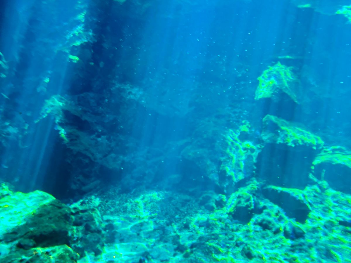 この度、初めてのカンクンで、この15時間弾丸ツアーに参加しました。朝早い出発でしたが、グランセノーテは一番乗り。誰もいないグランセノーテは、水も超綺麗で、水中の光の線がとても神秘的でした。
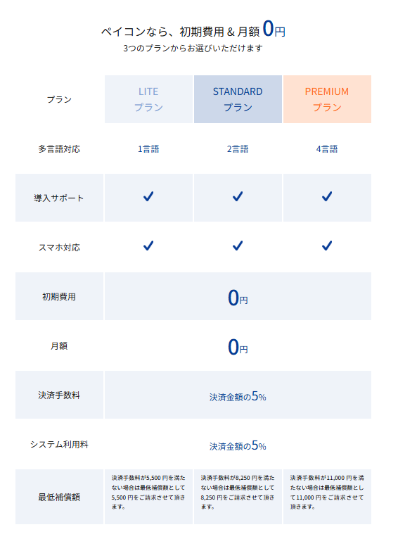 初期費用無料/月額料金無料/決済時に手数料が発生(詳細は要問い合わせ)
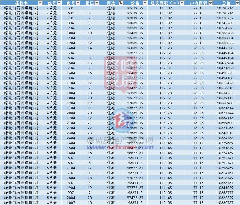 绿景白石洲璟庭位于南山区沙河街道深南大道以北、香山西街以南,日前已获批预售,预售总面积257088.92㎡,预售总套数2746套, 包含住宅和商务公寓,位于1栋一单元、二单元、三单元、四单元、五单元。
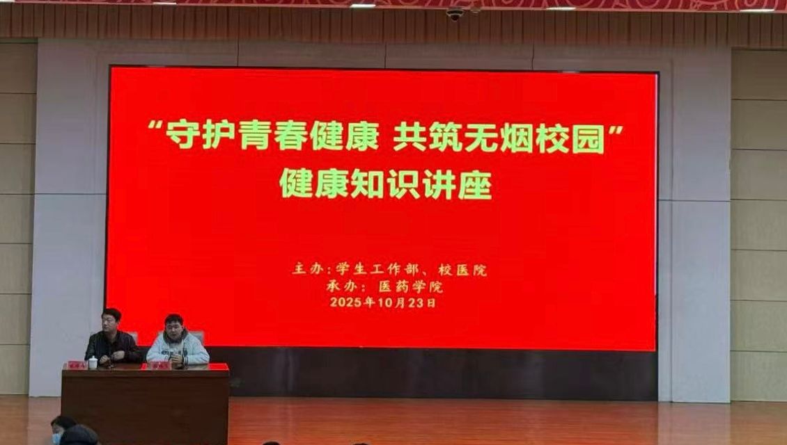 为增强学生控烟意识,引导学生养成良好习惯,共同营造清新健康的无烟校园氛围,10月23日,医药学院联合学生工作部、校医院共同开展“守护青春健康 共筑无烟校园”主题健康知识讲座。特邀聊城市肿瘤医院胸外科副主任医师张华伟、口腔科医师张鹏飞担任主讲。医药学院、护理学院、经贸学院、测绘学院师生代表参加活动。
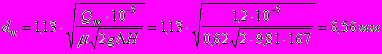 где m — коэффициент расхода шайбы (m = 0,62 для шайбы с тонкой стенкой); g = 9,8 м/с. В результате подстановки в выражение получим, что dш = 6,56 мм.

════════

TRY IT:
Write each line exactly as it appears, from the line that holds "为增强学生控烟意识,引导学生" through the closing line of the data above, and leave every picture out.

RESPONSE BELOW:
 为增强学生控烟意识,引导学生养成良好习惯,共同营造清新健康的无烟校园氛围,10月23日,医药学院联合学生工作部、校医院共同开展“守护青春健康 共筑无烟校园”主题健康知识讲座。特邀聊城市肿瘤医院胸外科副主任医师张华伟、口腔科医师张鹏飞担任主讲。医药学院、护理学院、经贸学院、测绘学院师生代表参加活动。
 где m — коэффициент расхода шайбы (m = 0,62 для шайбы с тонкой стенкой); g = 9,8 м/с. В результате подстановки в выражение получим, что dш = 6,56 мм.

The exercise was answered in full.